Sunday, January 22, 2012

Restoration Man

Restoration Man - George Clarke
Channel 4’s George Clarke was up in Cumbria visiting a project on a 19th century church in this week’s episode of ‘Restoration Man’ (Thursday Jan 19).

Phil Evans and his partner had paid £128,000 for a dilapidated church in the picturesque village of Gamblesby in the North Pennines. Built in 1868 St John’s had stood empty for eight years when the young couple took on the challenge of converting it into a family home. 

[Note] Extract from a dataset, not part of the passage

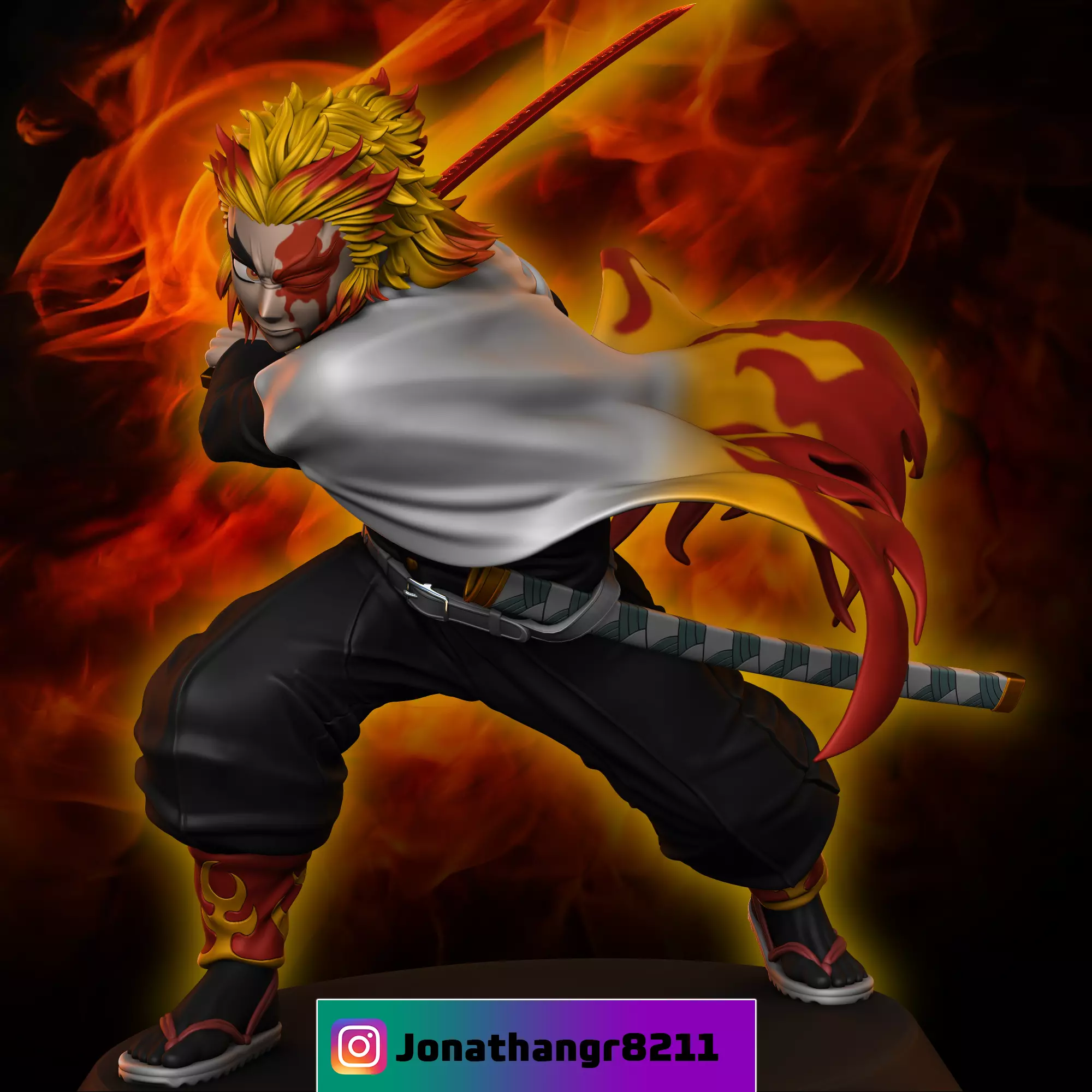 - Rengoku from the anime Demon Slayer is a 3D printable figure designed to capture the essence of a beloved anime character. It is created using ZBrush software and optimized for 3D printing technologies.

The church was built in a mixture of architectural styles and loosely based on the Victorian Gothic Revival.  George took time out from the build to visit the Chapel at Exeter College, Oxford designed by the doyen of Victorian Church architects Scott, but he could have just as easily popped into Swindon to see more examples of the great man’s work.

George Gilbert Scott was born on July 13, 1811 at Gawcott, Buckinghamshire, the third son of Rev Thomas Scott and his wife Euphemia Lynch.  Scott moved to London in 1827 and after completing his articles with architect James Edmeston went on to work first for contractors Grissell and Peto before entering the office of Henry Roberts in 1832.

Anxious to go it alone, Scott decided to establish his own practice and entered into partnership with William Bonython Moffatt in 1838.  Together they won competitions to design Reading gaol and the Infant Orphan Asylum, Wanstead.

Scott went on to design some of the most iconic buildings of the Victorian era, including the Foreign & Commonwealth Office Building in Westminster, the St Pancras Station and Hotel and the Albert Memorial in Kensington for which he received a knighthood from Queen Victoria. And during the 1840s and 50s he designed not just one, but two of Swindon’s historic buildings.

In 1840 Brunel and Gooch established a repair and maintenance railway workshop at Swindon where passengers could take refreshments while a change of engines took place.  The town of New Swindon grew faster than anyone could have anticipated.

Building on accommodation for the workforce began in late 1841.  As to their spiritual needs, the GWR provided a room in the factory where services could be held, but this could clearly only be a temporary measure.

St Mark's Church

In 1842 G.H. Gibbs, a director in the GWR, left £500 in his will to go towards building a church and school for the company employees and they chose an architectural star on the ascent to design it for them.
Built in limestone, the design of St Marks bears many of Scott’s hallmarks, such as the large chancel and panelled roof supported by elaborate cornices.

In 1851 Scott returned to Swindon, this time to design a building to replace the old parish church of Holy Rood.  The 13th century church was in a state of disrepair and too small to cater for the demands of the growing town.  Scott came up with the magnificent Christ Church, built in the style of the late 13th century and complete with chancel, clerestoried nave of three bays with aisles, transepts and a western tower with broach spire.
The final cost of St Mark’s was £6,000, considerably more than the modest village church in Gamblesby whose congregation stumped up £1075 19s to build St John’s, but just a fraction of the bill Phil and his partner faced at the end of their project.

The restoration work cost £175,000 more than £45,000 in excess of their original budget which left them mortgaged to the hilt and in debt.  With the work completed Phil and Joanne were unable to move in to the beautifully restored church.  They were hoping that instead of selling up, which they had at first feared they would have to do; they might be able to rent out the converted church and move in at some future date when their financial situation improved.

This programme is still available to view on Channel 4oD for the next 27 days but if you want to see examples of Sir Gilbert Scott’s work pop in to St Mark’s or Christ Church.